Nuclear Iran

The hard part of building a nuclear weapon is obtaining the requisite quantity of suitable fissile material - highly enriched uranium or plutonium. Plutonium can be produced from uranium in nuclear reactors, but Iran doesn't yet have any reactors big enough to produce worthwhile amounts of plutonium - and the reactors themselves require somewhat enriched uranium. Consequently, the key choke point for Iranian nuclear capability is the capability to produce enriched uranium, especially highly enriched uranium. There are a few possible ways to enrich uranium (separate fissile U235 from the more common U 238 isotope). The method of choice today is a cascade of high speed gas centrifuges, but it takes a lot of them to produce a bomb's worth.

So how close is Iran to getting nukes? Via Josh Marshall, we have some informed or otherwise guesses opinions. Let's start with a well known idiot:
Instead of being years away from the point of no return for an Iranian bomb, as we were before we allowed Europe to divert anti-proliferation efforts into transparently useless talks, Iran is probably just months away.

Jeffrey Lewis and others over at armscontrolwonk.com have some more reality based estimates in a series of several posts. Some highlights:
What would a Strike on Iran’s Nuclear Facilities Look Like?

Conventional wisdom states that Iran’s facilities are too dispersed to permit a strike like the one Israel conducted against Iraq’s Osiraq nuclear reactor in 1981. (The Osiraq story is quite a bit more complicated than you might think.)

Iran’s facilities are more dispersed, but some key assets are probably quite vulnerable to an airstrike.

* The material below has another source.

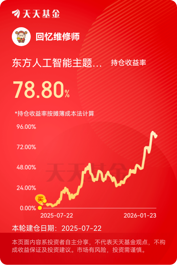 综上所述,我提前布局了东方人工智能主题混合C(017811),因为严凯基金经理的投资经验相当丰富,他对于人工智能行业的研究相当深入。@东方基金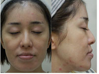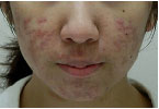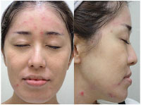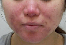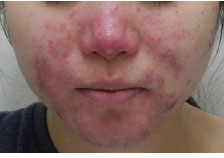 写真の患者様は、完全にこのサイクルにはまってしまっており、ご本人が考えていたよりも、ニキビはかなり重症化していました。

The Atlantic Monthly conducted a wargame that including plans for a strike. The Atlantic Monthly game envisioned a strike against “125 targets associated with nuclear and chemical and biological storage/production facilities” in Iran including “10 nuclear R&D site targets.” The total was about 300 aim points requiring about 20 penetrating weapons.
They have labelled satellite pictures and powerpoint slides. Much of Iran's nuclear capability is known from the International Atomic Energy Authority (IAEA) inspections. The most dangerous capability being developed is the uranium enrichment facility. They show a picture of the Natanz uranium enrichment facility, designed to hold 50,000 centrifuges.
Destroying this facility should not be difficult. Although the bunkers are buried, the exact locations are well know from images captured during construction.

According to reporters who visited the facility, the bunkers are about 18 m underground. That’s deep, but not so deep that the facility would withstand a GBU 28.[deep penetrating "bunker-buster" warhead]
Incidentally, Israel is in the process of buying 100 GBU 28s from the United States. A coincidence, I am sure.

The problem with hitting the Natanz facility is that, at this point, it is basically a pair of empty bunkers—Iran’s centrifuge components are stored elsewhere and would probably be moved in the event of an impending airstrike.
Jeffrey Lewis has his own ideas on the timeline:
When some moron like Charles Krauthammer claims Iran is now just “months” away from a bomb, you can pretty much ignore him: He has no idea what he is talking about.

Overall, Iran is probably a little less than a decade away from developing a nuclear weapon. The key question here is how long it will take Iran to enrich a few tens of kilograms of uranium to more than 90 percent U-235.
In a worst case scenario, Iran might make enough highly enriched uranium for a bomb fairly quickly:
So, the real question, however, is how quickly Iran could assemble and operate 1,500 centrifuges in a crash program to make enough HEU for one bomb (say 15-20 kg).

Albright and Hinderstein have created a notional timeline for such a program:

Assemble 1,300-1,600 centrifuges. Assuming Iran starts assembling centrifuges at a rate of 70-100/month, Iran will have enough centrifuges in 6-9 months.
Combine centrifuges into cascades, install control equipment, building feed and withdrawal systems, and test the Fuel Enrichment Plant. 1 year
Enrich enough HEU for a nuclear weapon. 1 year
Weaponize the HEU. A “few” months.
Total time to the bomb—about three years.
Lewis thinks that there are a lot of technical obstacles that will make the process quite a bit slower.

Another post looks at how difficult it might be for Iran to build a bomb that could be delivered by one of their missiles. There a plent of problems there too. The missiles have limited carrying capacity and it takes considerable sophistication to design a small bomb.

UPDATE: According to this Federation of American Scientists article, the GBU-28 (and presumably it's GPS guided cousin, the GBU-37) can destroy hardened targets up to 50 feet deep. By my arithmetic, that puts an 18 meter (60 feet) deep target close to the limit of the GBU-28 capabilities. But Lewis knows this stuff pretty well, so I doubt that he would be wrong on this.